# BRIEF
The response should be an exact transcription of the data below, free of images.

# RECORDED DATA
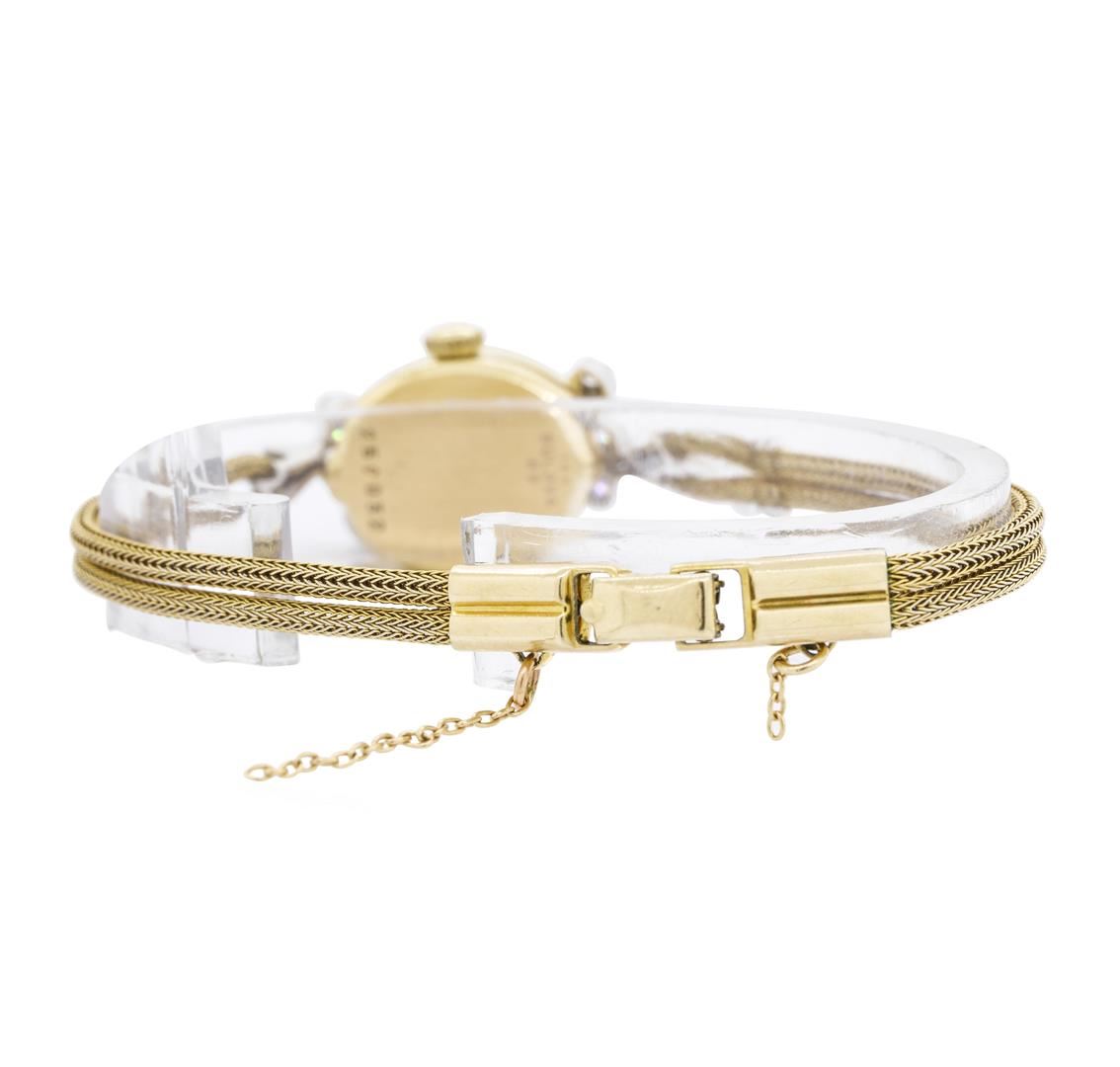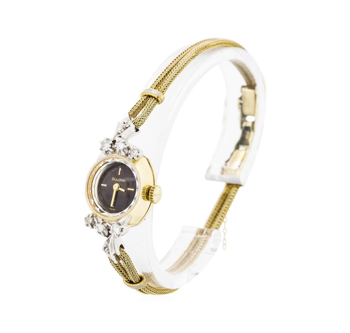 One vintage Bulova women's wristwatch weighing 11.5 grams with a 14KT yellow gold case and gold plated bracelet. The case contains diamonds weighing 0.25ctw.
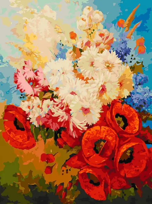 Основа картины - хлопковый холст, натянутый на деревянный подрамник. На холст нанесена схема, разделенная на области для закрашивания. Цифра внутри каждой области указывает на номер краски, которой необходимо закрасить данный участок. В комплект входят акриловые краски на водной основе, экологически безопасные, без запаха, быстросохнущие. Картина раскрашивается без смешивания красок. Набор рисования комплектуется специальными кистями разного размера с искусственным ворсом для акриловых красок.
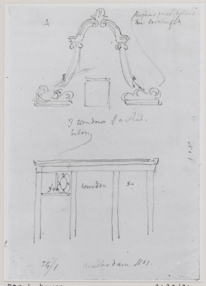 Schetsboek, bestaande uit katern van 16 bladen waarin 33 tekeningen zijn opgeplakt en waarin vier losse tekeningen zijn geborgen. Het zijn zeer schetsmatige tekeningen voorzien van aantekeningen met betrekking tot kleur, vlakverdeling, etc. Bij groot deel van tekeningen betreft het voorstellingen van buurt rond Haarlemmersluisen Haringpakkerstoren (in 1829 afgebroken).
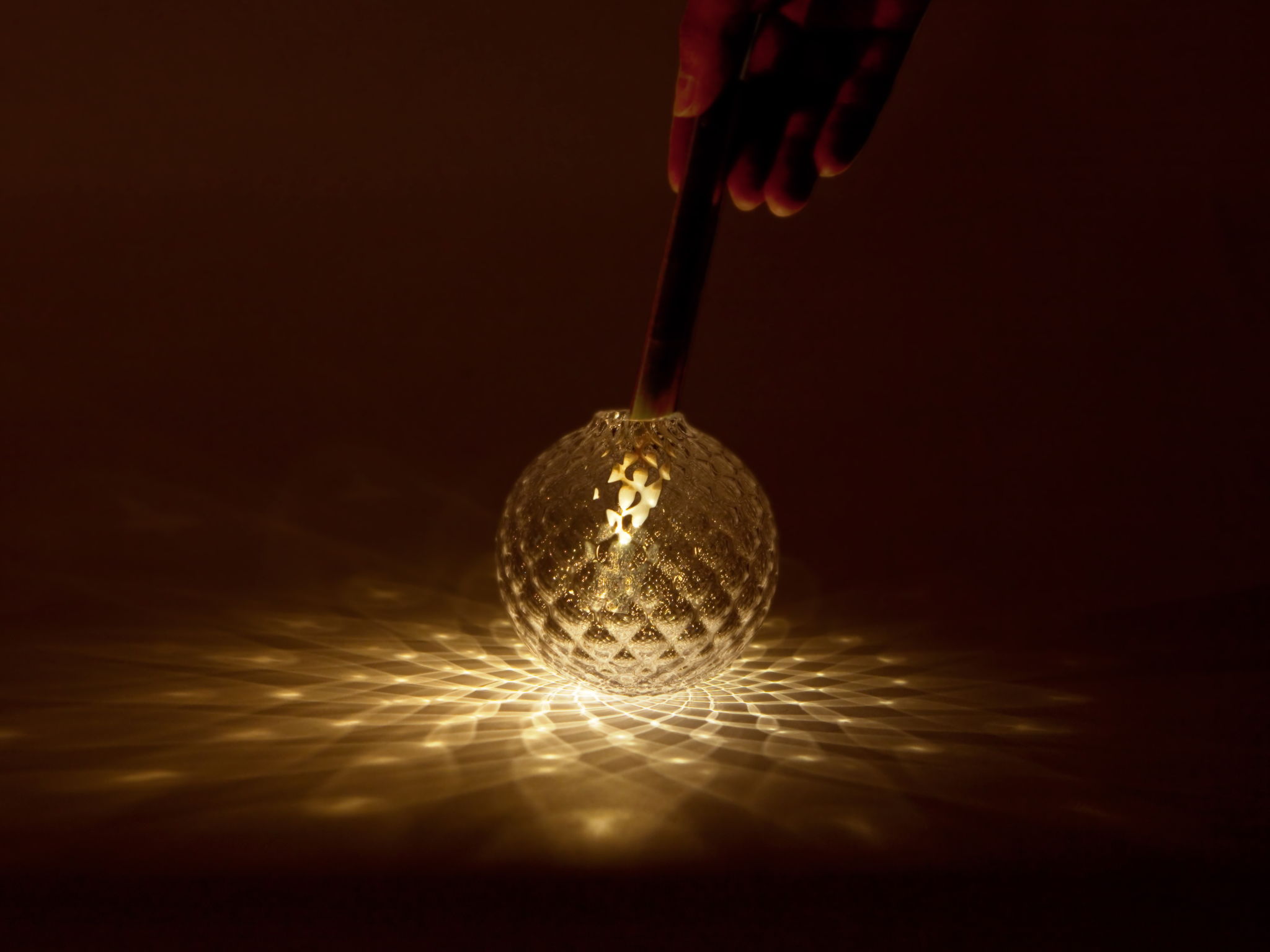 このプランでは、ワンカップの側面に水玉(パンチング)模様を施し、これにより苗場山に降り注ぐ雪を表現しています。側面同士の重なりあいにより、モアレ模様が発生します。この模様は、商品と人の位置や角度、ボトル中の水量(空気と水の屈折差)によって繊細かつ多様に変化します。これにより、苗場山にぱらぱらと降る雪をアニメーション的に表現するとともに、お酒の甘さを視覚的に際立たせます。

# ANSWER TO THIS TASK
 One vintage Bulova women's wristwatch weighing 11.5 grams with a 14KT yellow gold case and gold plated bracelet. The case contains diamonds weighing 0.25ctw.
 Основа картины - хлопковый холст, натянутый на деревянный подрамник. На холст нанесена схема, разделенная на области для закрашивания. Цифра внутри каждой области указывает на номер краски, которой необходимо закрасить данный участок. В комплект входят акриловые краски на водной основе, экологически безопасные, без запаха, быстросохнущие. Картина раскрашивается без смешивания красок. Набор рисования комплектуется специальными кистями разного размера с искусственным ворсом для акриловых красок.
 Schetsboek, bestaande uit katern van 16 bladen waarin 33 tekeningen zijn opgeplakt en waarin vier losse tekeningen zijn geborgen. Het zijn zeer schetsmatige tekeningen voorzien van aantekeningen met betrekking tot kleur, vlakverdeling, etc. Bij groot deel van tekeningen betreft het voorstellingen van buurt rond Haarlemmersluisen Haringpakkerstoren (in 1829 afgebroken).
 このプランでは、ワンカップの側面に水玉(パンチング)模様を施し、これにより苗場山に降り注ぐ雪を表現しています。側面同士の重なりあいにより、モアレ模様が発生します。この模様は、商品と人の位置や角度、ボトル中の水量(空気と水の屈折差)によって繊細かつ多様に変化します。これにより、苗場山にぱらぱらと降る雪をアニメーション的に表現するとともに、お酒の甘さを視覚的に際立たせます。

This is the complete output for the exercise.